As she was about to drop the fire on Rosalie, Jenna threw herself protectively over her, and the witch faltered and stepped back from them. “Traitor!” she called, looming over, larger than even Emmett. “You would protect the monster who killed your own brother?”

“Killing her won’t erase what’s already done!” Jenna cried. “We should leave this place!”

Emmett broke free and tackled the witch at the knees. She fell to the ground and there was a sound like shattering glass as the ball of flame landed on her, just missing Emmett’s face. He leaped up and jumped away from the witch, back to Rosalie and Jenna. The witch rose, levitating as she had before, her legs hanging like cadavers from her long skirts, her mouth speaking some necromantic tongue, fingers tracing in the air. Fire began to roll off of her, cascading onto the ground. She began to turn, to spin, slowly at first and the fire spread out to the edge of the clearing where a tree caught fire, and then another. As the witch spun faster, five trees ignited at once and the flames began to leap from tree to tree. The witch’s sons carried Jenna off to the north, protected from the flames by some other unseen spell, running from the conflagration as the battle continued. Clearly under the witch’s control, the flames circled around, sealing our escape. “You will all die here!” she shrieked. “Burn in hell, where you will never end and never begin again!” And then she stepped through the flames as they closed off any chance we had of running to the north. We were surrounded.
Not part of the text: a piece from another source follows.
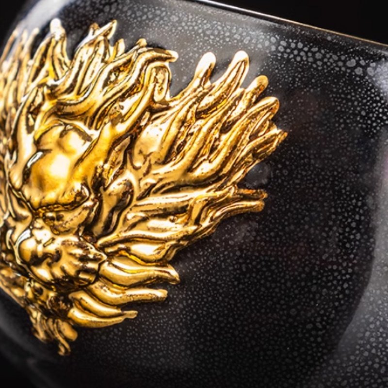 Ceramic Year Of The Dragon Gold Rim Tenmoku Glaze Jianzhan Tea Cup With Gilded Dragon Head Figurine. This tea cup, inspired by the Chinese Year of the Dragon, symbolizes strength, power, and good fortune. The Tenmoku glaze gives the cup a lustrous black finish, providing the perfect backdrop for the intricate gilded dragon head, which is the highlight of this design. The gold rim adds an elegant touch, complementing the boldness of the dragon figurine, making each tea-sipping experience a statement of luxury. Crafted with precision, this tea cup enhances the tea’s taste while paying homage to ancient ceramic traditions.Find more Jian Zhan tea cups.

“What do we do, Alice? What do we do?” Rosalie shouted.

“I can’t see,” said Alice. “I don’t know.”

In a panic, Mark tried to run through a section of flame that was no higher than our knees, but as soon as he touched it, he went up in a flash like dry tinder, and was gone a moment later into ash and smoke. All the vampires, Kaines, Cullens and all, huddled in the middle of the field looking for some way out.

“Look what you’ve done!” Allston roared. “Mercy, can’t you do something? A counter-spell for the fire?”

“Are you kidding? I haven’t practiced magic in a century!” she cried. “You brought this on all of us, you ass! You trusted a witch and thought she wouldn’t turn on you? Fool, fool, fool!”

“I’ll at least have the satisfaction of watching you die first!” He said and came at me again. He caught my head and the force of the blow was disorienting. I heard scraping and felt my neck tear where he had bitten me. He was separating my head from my body.

Carlisle and Emmett pulled Allston off of me, kicking and struggling while the remaining Kaines stood by watching, apparently having lost the will to fight. Esme and Rosalie grabbed Allston by the legs and I felt Alice and Mercy pull me to my feet, drag me away from the encroaching line of flames. Then Carlisle himself, the pacifist, charged at Allston and the two of them tumbled into the line of flame.

I wanted to shout but I still couldn’t speak. We watched, horrified as we were certain Carlisle was about to burn right along with Allston, but instead he fell on top of him and for just a second, the fiery fence opened. A tongue of flame caught Allston’s sleeve and his arm caught fire. Carlisle jumped back just before the fire could touch him and a moment later Allston was nothing but a tower of black flame. Another moment and he was gone. I was too awed to be disappointed I hadn’t killed Allston myself.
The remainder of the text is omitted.